# Exercise
From the data below, repeat everything exactly except the images.
═════ Available data ═════
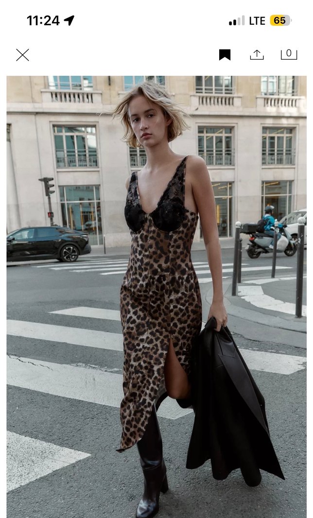 Kahverengi leopar desenli, deri kumaştan, V yakalı ve askılı uzun elbise. Kürk detaylı ve yan yırtmaçlıdır.
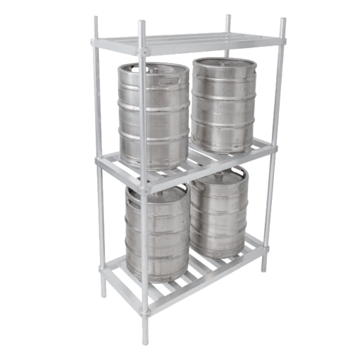 Keg Rack, 60"W x 20"D x 76"H, (3) shelves, accommodates (6) kegs, mid & bottom shelves are constructed of 1-3/4" square tubing running front-to-back with a load rating of 60 lb/ft², top shelf is constructed of 1-3/4" square tubing running left-to-right with a load rating of 15 lb/ft², 1-5/16" dia. post, aluminum construction (Available in Effingham and Nevada)
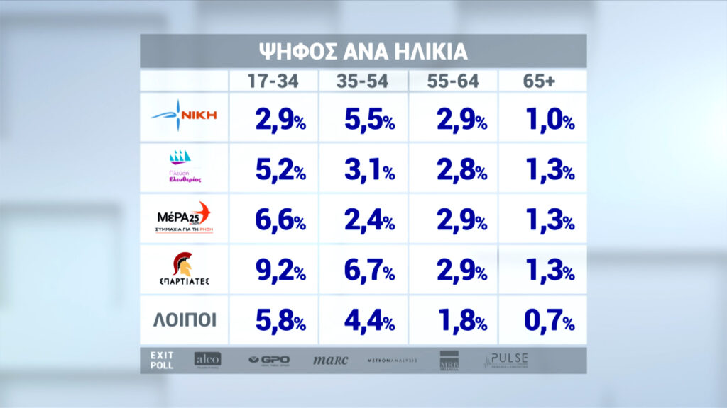 Ανησυχία προκαλεί το υψηλό ποσοστό 9,2% που σημείωσε το ακροδεξιό κόμμα "Σπαρτιάτες" στους νέους 17-34 ετών. Απόλυτη νίκη της ΝΔ στους κεντρώους, δεύτερο το ΠΑΣΟΚ.
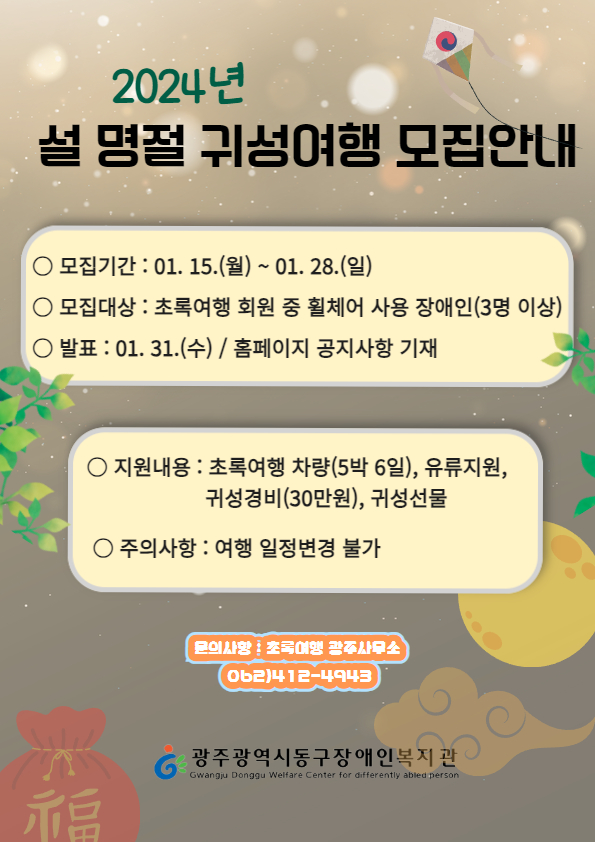 초록여행 2024년 설 명절 귀성여행 참여자를 모집합니다.
═════
# Response to this exercise
 Kahverengi leopar desenli, deri kumaştan, V yakalı ve askılı uzun elbise. Kürk detaylı ve yan yırtmaçlıdır.
 Keg Rack, 60"W x 20"D x 76"H, (3) shelves, accommodates (6) kegs, mid & bottom shelves are constructed of 1-3/4" square tubing running front-to-back with a load rating of 60 lb/ft², top shelf is constructed of 1-3/4" square tubing running left-to-right with a load rating of 15 lb/ft², 1-5/16" dia. post, aluminum construction (Available in Effingham and Nevada)
 Ανησυχία προκαλεί το υψηλό ποσοστό 9,2% που σημείωσε το ακροδεξιό κόμμα "Σπαρτιάτες" στους νέους 17-34 ετών. Απόλυτη νίκη της ΝΔ στους κεντρώους, δεύτερο το ΠΑΣΟΚ.
 초록여행 2024년 설 명절 귀성여행 참여자를 모집합니다.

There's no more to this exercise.